Resource contributor
Since I mostly work in E-Poly mode, I take the report from the Polygon Counter, and multiply by 1.5 for a "ball park estimate."

In GMax's Polygon Counter, what is reported for an E-Poly part is the total number of rectangle polys consisting of the two triangles. A rectangle has four vertices, two triangles have six vertices, which is a 1.5:1 ratio!
 
Thanks everyone for the answers. N2056, I thought that was it when I stumbled on it before, but just seemed, "too easy?" for some reason? LOL.

How did Aerosoft get away with close to 500,000 then for their F-16 in FSX? I'm confused on that one....:confused:

I have to start trusting my instincts it looks like....:)
 
Two of us have now found 'limits' to the FSX compiler.

As it seems, the first known limit was 65,000 Polygons per material. But then we found a new limit that triggers a Max Memory crash on the compiler for FSX. My model had a Poly count of 413,000. Thats not Vertices but Polys via the Polygon counter, and half are Mesh objects, half Poly objects.

We also found a realization that perhaps 'layers' in a FSX material might also effect the memory, as like the Vertice count limits.

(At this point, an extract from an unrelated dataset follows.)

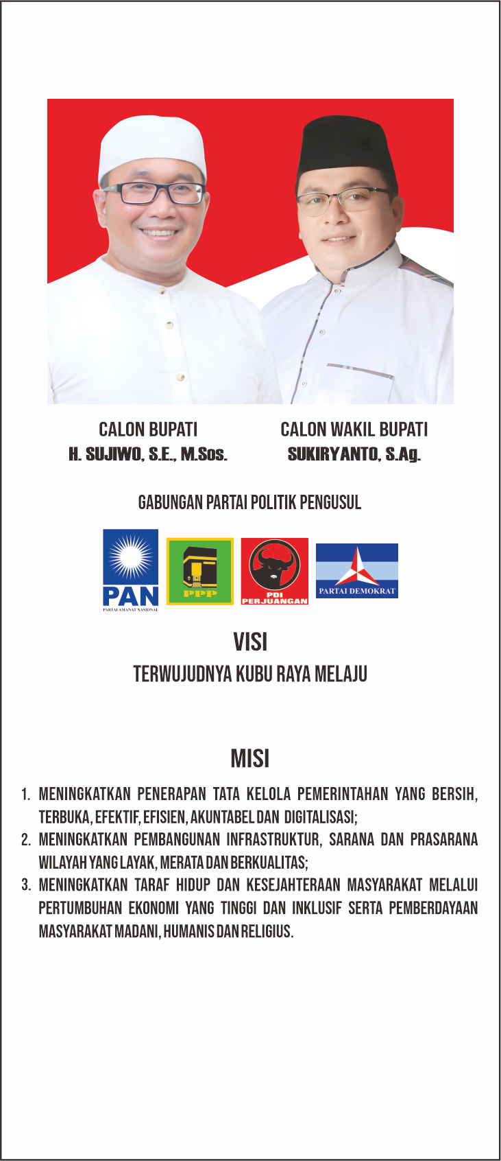 Visi Misi H. Sujiwo, SE., M.Sos. dan Sukiryanto, S.Ag. Minggu, 15 September 2024 20:00 174 Visi Misi dan Program Pasangan Calon selengkapnya download disini Bagikan: Telah dilihat 174 kali

Also, something Phil, formerly with Aces, noted that smoothing groups effect Vertice counts. For instance, if a square box is smoothed, it has 8 Vertices. But if you unsmooth it, having 6 sides (12 faces or pure triangles), then you have 24 Vertices, 4 vertices per side or Poly. This means that the computer has to detach 'faces' in smoothing groups for their own unique shading groups.

It kinda gets crazy.....

You almost have to just go for it, and hope you dont hit the limit like we did. So many things to count, but what really is the limit(s)?


Bill
 

hcornea

Resource contributor
......

We also found a realization that perhaps 'layers' in a FSX material might also affect the memory, as like the Vertice count limits.
Bill .. can you explain what you mean by "layers" in FSX materials. Are you referring to the number of maps associated with a material or something different?

Another tip:

Download the latest development release of Arno's modelconverterX ... run your compiled mdl through it and look at the object properties dialog (triangle and tvert count per material). Then you will grasp what X2Mdl has done to your geometry. It also gives you an idea of a) how efficiently you've used your materials and b) how much headroom you have.

For a scenery point of view, i use the max tvert / material count to work out how many placements of the object will saturate a drawcall buffer. This isn;t a practical issue for aircraft .. becasue you can only compile 65535 tverts for any given material.